Labour-commissioned report examines challenges of sharing public data

Written by Web News Editor on . Posted in News

Public confidence in data sharing and access to certain public sector data are two key challenges that will need to be addressed by the next government, a new report has indicated.

While recognising the potential benefits of utilising public sector data, the independent review ‘Making digital government work for everyone' (PDF) also acknowledges the current obstacles to this - and examines what considerations might need to guide the principles underpinning any sharing of public data.

Within the report - commissioned by Labour MP Chi Onwurah - is a substantial section, ‘Restore confidence in open, shared and personal data’, which makes a number of recommendations in this area.

The report acknowledges current frustrations within the open data community in accessing open data in a usable format. ‘Open data is currently seen as an adjunct to the core function of government rather than one that is driven by people’s needs,’ the report comments. ‘This leads to incorrect datasets being released, datasets being released in inappropriate formats or with poor data quality.’ The report recommends that efforts are made to improve data releases, as well as making it easier for individuals to request open data sets from government.

Frustration regarding the recent decision by government not to open up address data when Royal Mail was privatised is also acknowledged. ‘Government has had both the opportunity and mandate to establish an authoritative open address dataset that would form part of our National Information Infrastructure; a dataset that could link to the open Land Registry data and start to resolve the whole area of geospatial data. Yet it has failed to do so.’ The report predicts that the consequences of this will become 'more severe as technology automation increases in the future'.

Another key recommendation is to set up a review, 'Data and Society', led by professionals such as lawyers, policy experts, research academics and computer scientists.
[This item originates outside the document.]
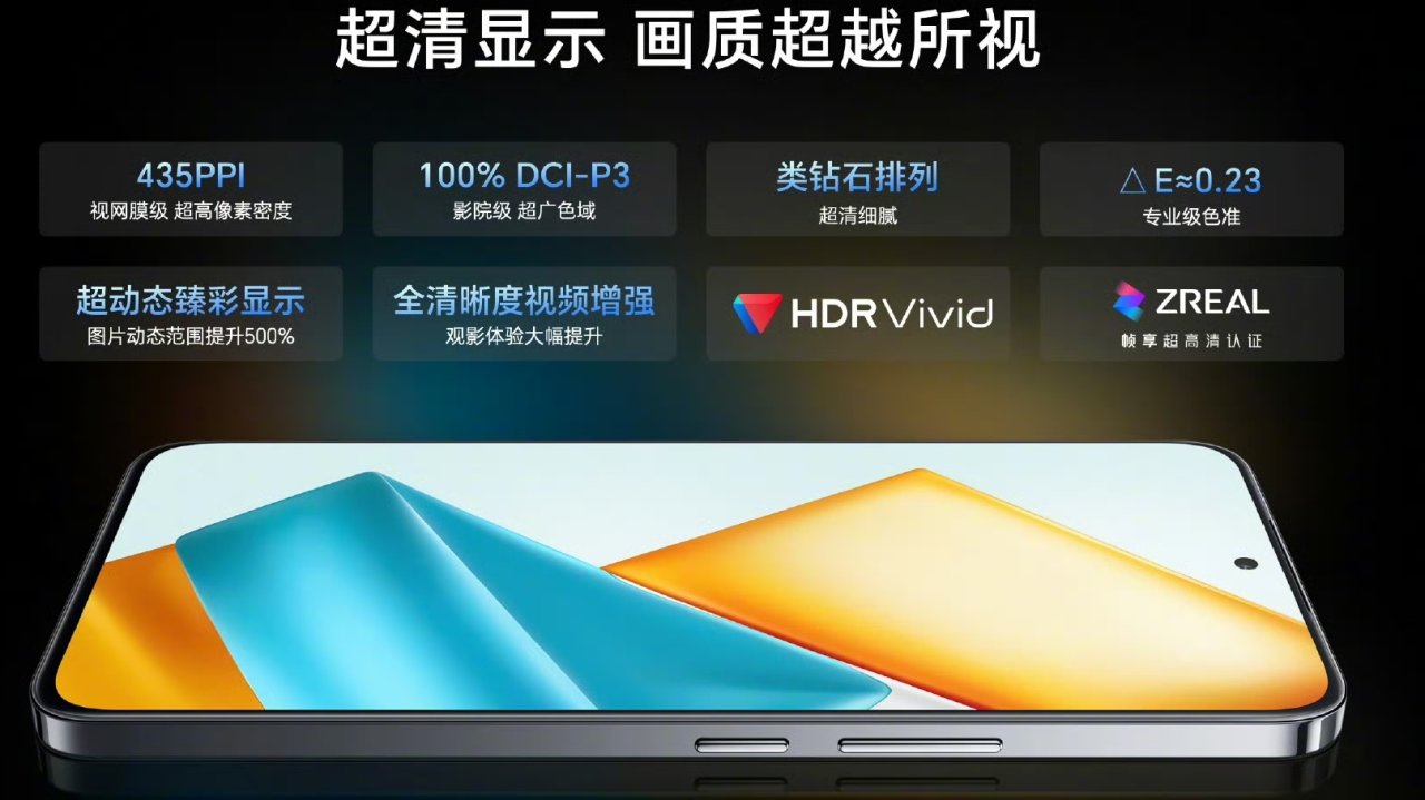 搭载一块6.7 英寸 2664×1200,1.5K分辨率OLED 柔性直屏,支持 120Hz高刷,3840Hz PWM 高频调光,1200nit全局峰值亮度、2600nit局部峰值亮度,10.7 亿色,100% DCI-P3 色域。

Its aim would be ‘to define a clear set of public interest principles’ around data sharing and analytics projects, encouraging 'input from across the country' as well as engaging with the big data, open data and privacy initiatives in the EU.

The report also notes the current public anxiety around personal data - citing recent research carried out by Ipsos-MORI for the Royal Statistical Society - saying it was 'noticeable' that much of the public concern was around the sale of government-held data to private companies or the risks associated with lack of anonymity or poor security.

Other recommendations made in the report include getting both the public and the public sector better equipped to deal with digital information, in terms of access to digital services and in terms of training.

Mike Hughes, chair of the RSS's National Statistics Advisory Group, welcomes the report. ‘This review  recognises how the data agenda is going to drive prosperity, policy and democracy in the coming years,’ he said. ‘It is excellent to see the commitment to open data and in particular an open address list, which fits very well with what is outlined in the RSS Data Manifesto.

‘We will be pleased to help support any "Data and Society" review that is initiated to help develop the public interest principles which should underpin data sharing and analytics, and would argue there is a strong case for data sharing for statistics and research purposes.’